Besin saklama ve tüketme şekilleri yıllar içerisinde oluşurken gelişmeye ve değişmeye devam etmektedir. Fermente gıdalar çok eski tarihlerden bu yana hayatımızdadır. Hayatımıza ilk girme şekli; gıdayı uzun süre muhafaza edebilme ve gıdanın aromasını, tadını, kalitesini arttırmaktır. Fermantasyon işlemi gerçekleştirilen besinler hem gıdanın uzun süre saklanabilmesi hem de ana besinden farklı özellikte ürün oluşturmak amacıyla kullanılan en eski yöntemlerdendir. Fermente gıdalar bazı mikroorganizmaların kontrollü şekilde fermantasyon işlemi yapılmasıyla hazırlanan besinlerdir. Bu besinler; yoğurt, peynir, kefir, boza, tarhana, turşu gibi besinler fermente besinlerdendir.
Fermantasyon işlemi besinde değer kaybını önlemede ve uzun süre saklanabilmesi açısından oldukça önemlidir. Buna ek olarak fermantasyon işlemi gıdanın besleyiciliğini, probiyotik ve prebiyotik etkisini de arttırarak içeriğine de zenginlik katmaktadır. Probiyotik özelliğiyle beraber bağırsak florasının gelişimine ve insan sağlığına fayda sağlamaktadır. Prebiyotik özelliği ise sindirilmeyen lif içerikli besinlerdir, bağırsaklarda bulunan kolon bakterilerinin gelişimini olumlu yönde etkilemektedir aynı zamanda insan sağlığını da olumlu olarak etkilemektedir.

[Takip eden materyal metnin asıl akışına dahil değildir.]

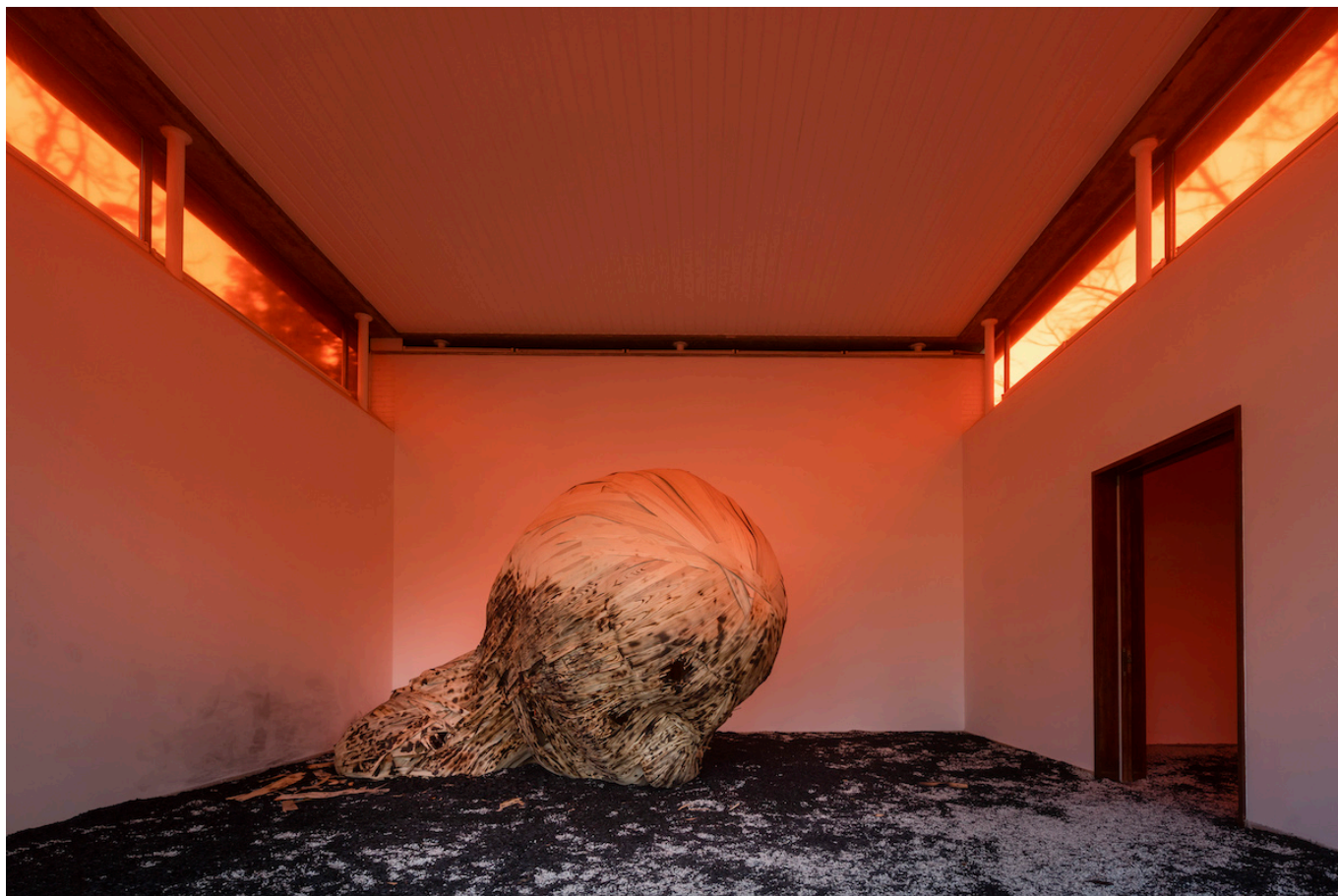
Installation view of The Concert by Latifa Echakhch, Swiss Pavilion at the 59th International Art Exhibition – La Biennale di Venezia, 2022.

цюрихской площади Sechseläutenplatz во время праздника в честь окончания зимы. Таким образом, в неумолимом колесе времени огонь представляет собой одновременно начало и конец. В этих работах несложно увидеть отсылку к круговороту жизни: Латифа Эшакш затрагивает фундаментальную и глубоко человеческую тему рождения, кульминации и быстротечности всего сущего. Проход по комнатам можно сравнить с катарсисом, и, в целом, те, кто ищет тишины среди суеты, найдут ее в швейцарском павильоне.
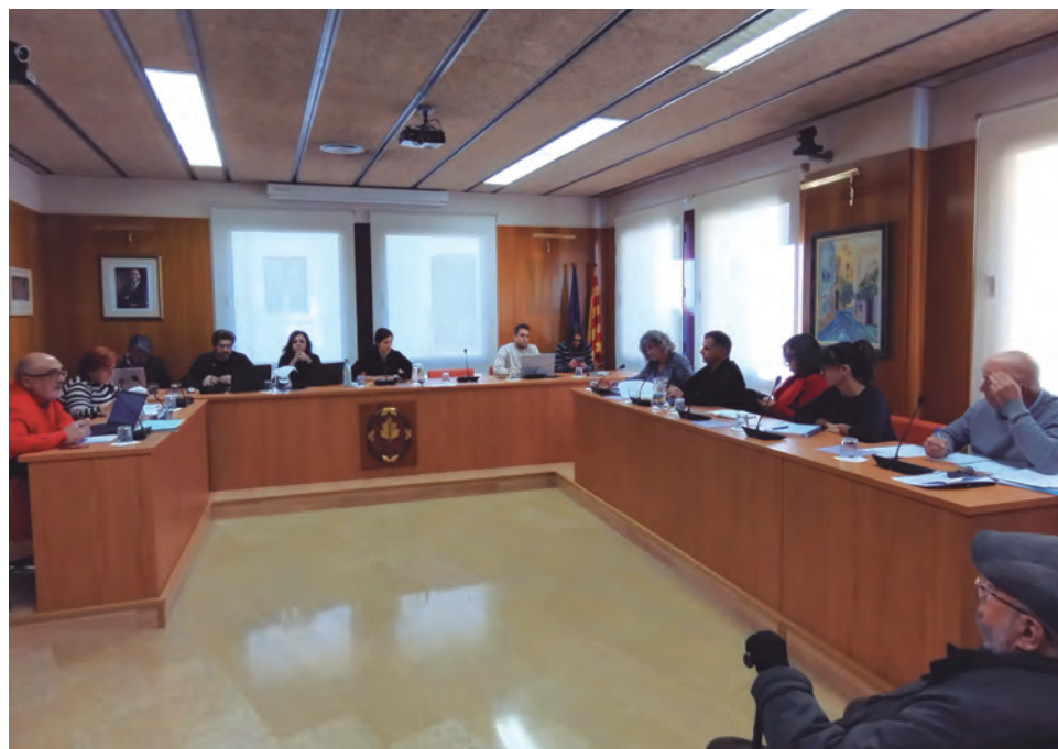
Un imatge del darrer ple municipal.

Pel que fa a les inversions de 2024, s'hi destinen 1.419.000 euros, dels quals 1.373.000 euros d'euros provindran de préstec. Quan a l'abril vinent es conegui la xifra final de romanent de tresoreria aquesta xifra de préstec es podria veure reduïda. Pel que fa a l'endeutament, només pujarà del 9 al 13%, que manté “la bona salut financera” del consistori altafullenc.
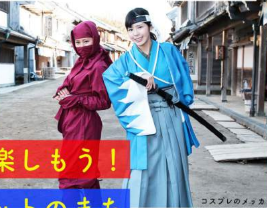
コスプレのメッカ
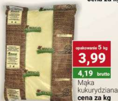
Mąka kukurydziana cena za kg
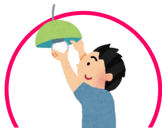
電球・電池の交換

暮らしの中で感じる「ちょっとした困りごと」や「不便と感じる簡単な作業」をお手伝いする事業です。

Fermente gıdalar aynı zamanda besinlerin daha rahat tüketilmesine de katkı sağlamaktadır. Örneklendirmek gerekirse; laktoz intoleransına sahip birey süt tüketiminde sorun yaşarken fermantasyonu sonucu oluşan yoğurt, peynir, kefir, ayran gibi ürünleri tüketebilmektedir. Sütün fermantasyonu esnasında sütün içerisinde bulunan ve sindirilemeyen laktozun bir kısmı fermente edilir ve tüketim açısından kolaylık sağlamaktadır.

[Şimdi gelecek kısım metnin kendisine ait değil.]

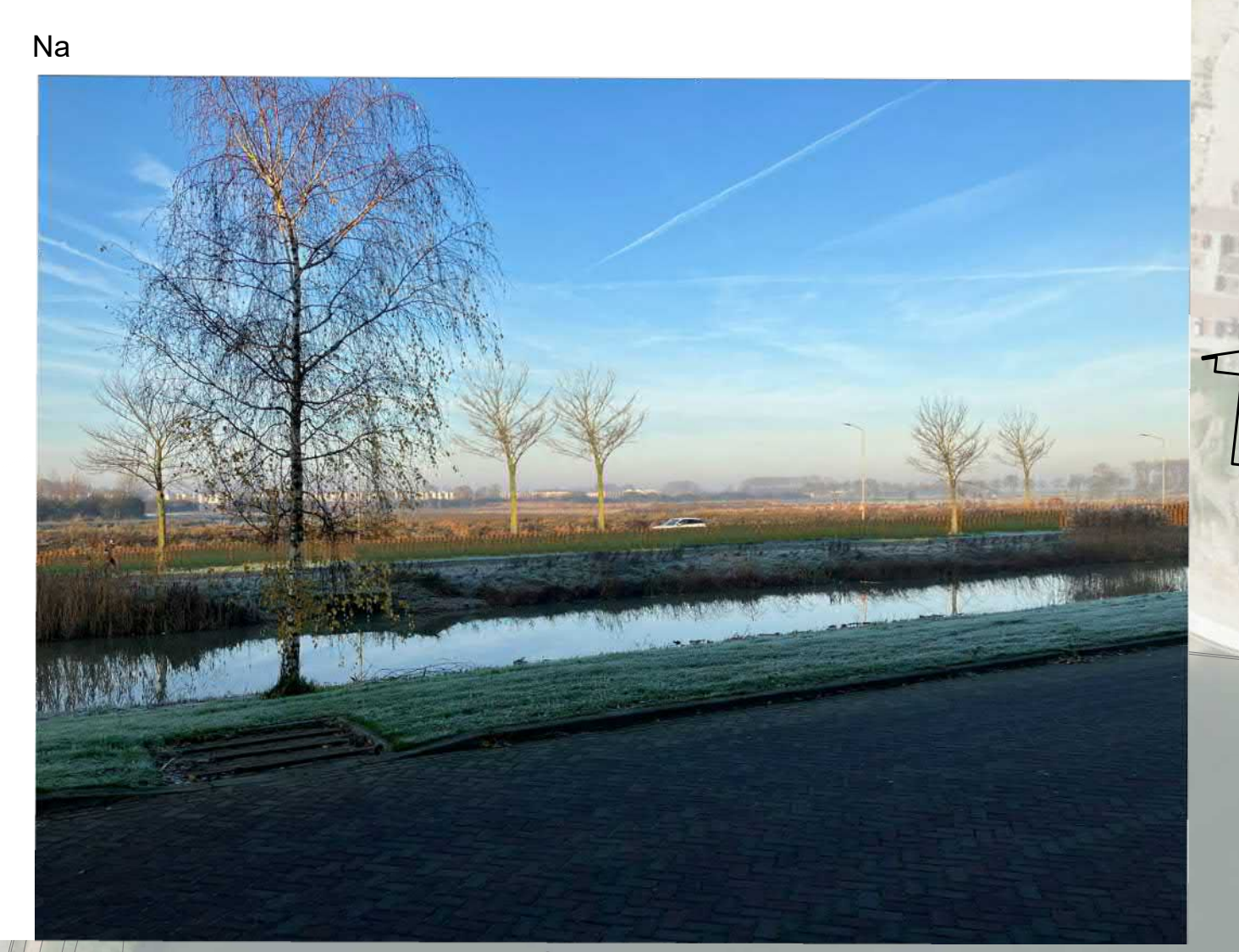
Nieuwe situatie 1:1500
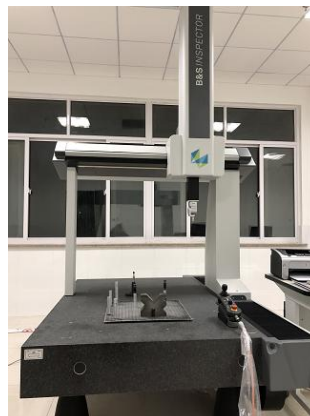
图 2 海克斯康桥式三坐标测量机
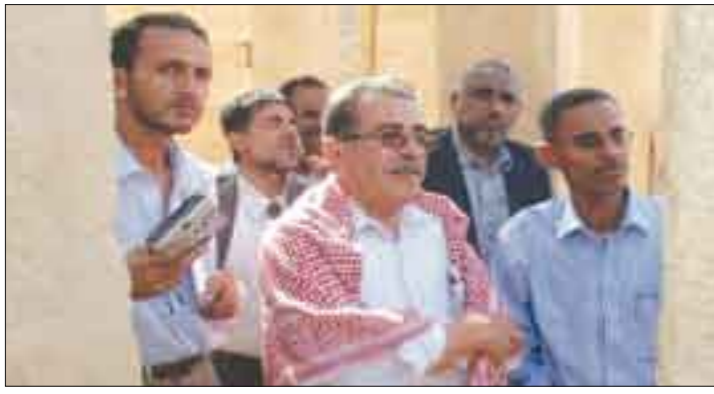
وزير الثقافة في زيارة للمعلم الأثرية بمآرب / سيات

أثري من الأبقار في دولة قطر وبعثات أثرية أخرى. وحث وزير الثقافة الجهات المختصة والقائمة على الآثار في مآرب بضرورة استثمار المواقع الأثرية التي تم الإنتهاء من ترميمها واستغلالها من خلال رسوم وتذاكر الزوار والسياح... والتفكير في مشاريع تنموية يمكن تسويقها للسائح أثناء زيارته لتلك المواقع كالحرف اليدوية وغيرها من الموروث الشعبي والثقافي الذي تميز به المدينة. إلى ذلك تفقد وزير الثقافة ومعه محافظ المحافظة للتصوير النهائية لافتتاح المكتبة العامة بمآرب والتي تحتوي حالياً على أكثر من ٣٠٠٠ ألف عنوان لكتب ثقافية وعلمية. وأكد الوزير المفضل ضرورة دعم المكتبة بأجهزة الحاسوب والآلات اللازمة ووجه برغبته بـ ٧٠٠٠ عنوان من الكتب المتنوعة لوزارة الثقافة.
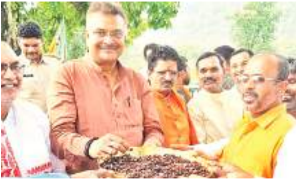
अहरी गांव पहुंचे सांसद मनीष जायसवाल का स्वागत करते ग्रामीण.

आजादी के इतने वर्षों बाद भी यहां के ग्रामीणों को जर्जर सड़क, बिजली की समस्याओं से जूझना पड़ता है. माध्यमिक स्कूल और स्वच्छ पेयजल की मांग के साथ ग्रामीण किसी जननेता के सुध लेने
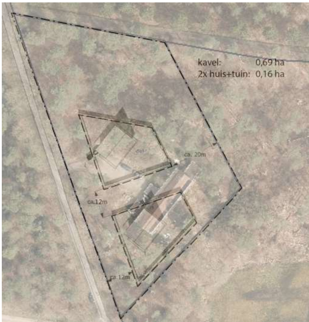
Afbeelding 3: Oriëntatie en positionering binnen de kavel
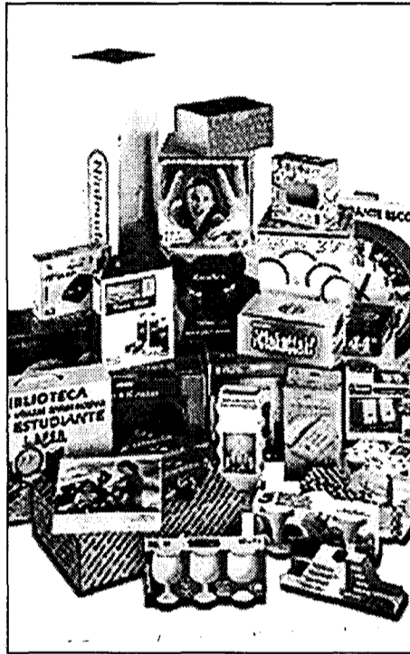
En la imagen parte de las instalaciones y productos de la firma.

Una de las últimas inversiones se han materializado en la ampliación de la nave y los terrenos que tiene en Villanueva de la Torre (Guadalajara), donde se han construido 1.250 metros cuadrados más que se han unido a los 1.250 que ya tenía edificados. Villanueva de la Torre está situada a tan sólo tres kilómetros de Azuqueca de Henares, núcleo urbano que está conociendo una gran expansión industrial dentro del denominado Corredor del Henares, y cuyos crecimientos
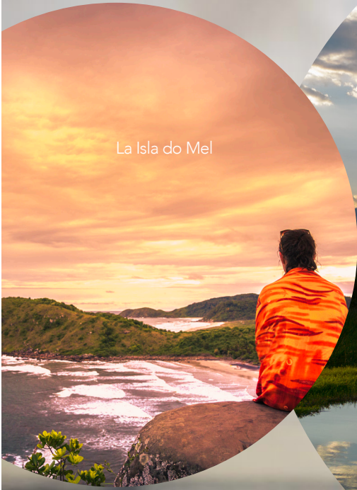
La Isla do Mel

Fermente besinleri genel olarak değerlendirdiğimizde genel sağlığımız için fayda sağlamasının yanı sıra besinlerin ömrünü uzatma ve lezzet katma özelliği sebebiyle önemli bir aşamadır. Ancak faydalı olsa da bir süre sonra oluşabilecek küf, mitotoksin gibi durumlara dikkat edilmelidir.